COLUMBUS, Ohio--A study led by Ohio State University cardiovascular researchers uncovered a key mechanism that controls blood vessel health and is likely to play a role in high blood pressure, heart attacks, stroke, and atherosclerosis. They describe a molecular switch that causes the endothelial cells that line blood vessels to either promote vascular dilation or constriction.

The findings may lead to new therapies for high blood pressure, also known as hypertension, or improved vascular health in people at risk for cardiovascular disease. When blood vessels lose the ability to dilate properly, it can lead to hypertension, heart attack, stroke, kidney failure, vision problems, and erectile dysfunction. Hypertension and cardiovascular disease affect 81 million Americans and cause more than 830,000 deaths each year.

The research was published in a recent issue of the journal Nature.

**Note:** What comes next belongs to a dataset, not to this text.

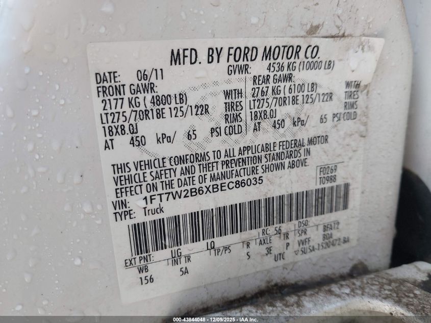 2011 FORD F-250 2011 року Бензин, 6.2, Полный привод, vin - 1FT7W2B6XBEC86035 из США

“The exciting thing is that by flipping this molecular switch, we could go from a diseased state to a normal state,” says principal investigator Jay L. Zweier, professor of cardiovascular medicine at Ohio State. “There are not many opportunities in which a molecular trigger causes such a direct effect.”

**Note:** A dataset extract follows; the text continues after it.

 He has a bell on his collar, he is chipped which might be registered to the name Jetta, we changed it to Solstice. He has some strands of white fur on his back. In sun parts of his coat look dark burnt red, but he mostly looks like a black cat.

Zweier and his colleagues discovered a molecular modification that switches the function of a key enzyme in endothelial cells, called endothelial nitric oxide synthase, or eNOS. Under normal conditions, eNOS produces nitric oxide (NO), a gas that acts as a cellular signal and leads to dilation of blood vessels. NO signals also discourage the adhesion of cells along the interior of vessels that leads to atherosclerotic plaques.

But if a cell has a buildup of oxidative stress, the eNOS enzyme switches from making NO to pumping out a molecule called superoxide, an oxygen molecule with an extra electron and a negative charge. Superoxide is a reactive oxygen species that has the opposite effects of NO and causes blood vessel constriction and the sticking of cells that form atherosclerotic plaques.

“Superoxide flips the biology of cell signaling and vascular function and causes the reverse effect,” explains Zweier. Until now, it was unclear how molecular modification of eNOS causes it to switch from producing nitric oxide to making its harmful twin, superoxide, he says.

Working at Ohio State’s Davis Heart and Lung Research Institute, Zweier’s team discovered that during periods of oxidative stress, the eNOS enzyme is modified by the addition of two glutathione molecules. This bulky addition uncouples an enzymatic site critical to NO production and leads instead to superoxide generation. The researchers could reverse the modification, called S-glutathionylation, by adding the chemical reducing agent DTT.

Zweier’s team showed that the same S-glutathionylation modification of eNOS occurs in the endothelial cells that line the blood vessels of animals, and that the change caused vessels to remain constricted instead of relaxed. Adding DTT reversed the effect, causing the vessels to dilate.

Finally, the team showed that vessels from rats with hypertension had much higher levels of S-glutathionylation of eNOS relative to healthy animals. In these vessels relaxation was impaired but it was restored to normal after reversal of this modification.

The oxidative stress that leads to the modification of eNOS can occur in a variety of other conditions, associated with inflammation, such as following a heart attack or stroke, atherosclerosis, diabetes and cancer treatment, Zweier says. In these conditions cells can develop an excess of reactive oxygen molecules such as superoxide and hydrogen peroxide that trigger a vicious cycle that produces even more superoxide.

“A small oxidative stress can trigger a bigger oxidative stress, acting like an amplifier,” says Zweier. “But reducing agents similar to DTT can potentially flip the eNOS switch back and ameliorate cardiovascular diseases.”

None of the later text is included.